Active Time: N/ATotal Time45 MIN
Yield: Serves : 6 to 8
After a quick sear in a skillet, crispy rounds of smoked sausage—like the classic version from Hillshire Farm—quickly transforms an everyday potato salad from a side dish into a satisfying meal. While the sausage adds a balanced smoky flavor, this salad gets a pleasantly salty bite from aged provolone cheese, plus a spicy kick from pickled peppers.
- 1 1/2 pounds baby Yukon gold potatoes
- Kosher salt
- One 14-ounce package Hillshire Farm® Smoked Sausage, sliced 1/4 inch thick
- 1 medium tomato, cut into 3/4-inch pieces
- 1 cup drained sliced pickled peppers, such as peperoncini or wax peppers
- 1 Persian cucumber, cut into 1/2-inch pieces
- 6 ounces aged provolone cheese, cut into 1/2-inch pieces
- 1 cup chopped parsley
- 4 scallions, thinly sliced
- 1/4 cup red wine vinegar
- Freshly ground black pepper
How to Make It
In a large saucepan, cover the potatoes with water and bring to a boil.
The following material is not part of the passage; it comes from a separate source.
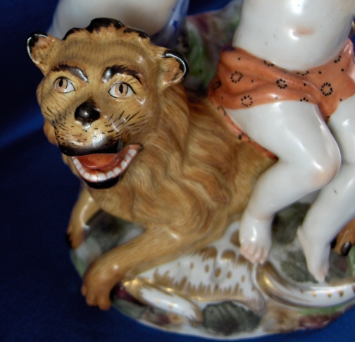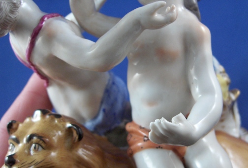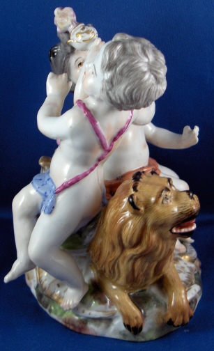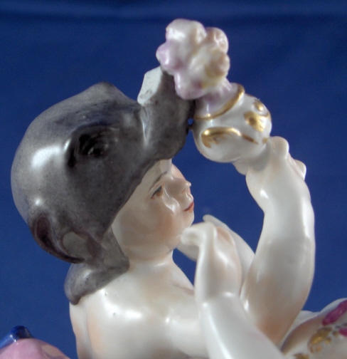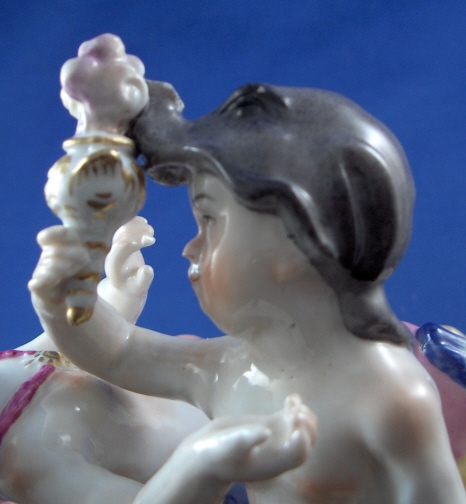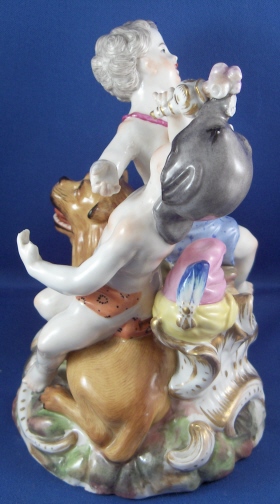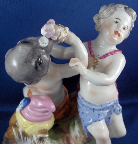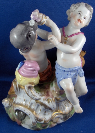 This is a figurine of Asia and Africa mady by Fuerstenberg in the 18th century. A very well modeled and handpainted figurine of a great topic. The piece shows Asia represented by a putto with a turban next to him and Africa represented by a putto wearing an elephant head dress and holding some kind of torch. On the base there is a lion next to them. The figure is 6 inches tall, 4.75 inches wide and 4.5 inches deep. It is not marked but quite obviously made by them! The piece is in great condition with the elephant trunk on the headdress missing, a chip to a finger on Afirca's left hand as well as a missing thumb on that hand and a minor chip to the base rim. Please email me for more information or photos.

Add a generous pinch of salt and simmer over medium heat until tender, about 15 minutes. Drain well and let cool slightly, then cut into 1-inch pieces.
Meanwhile, in a large skillet, cook the sausage over medium heat, turning once, until lightly browned, about 4 minutes total. Transfer to a plate and let cool slightly.
In a large bowl, mix the potatoes with the sausage, tomato, pickled peppers, cucumber, provolone, parsley, scallions, and vinegar. Season with salt and pepper and mix again. Serve at room temperature.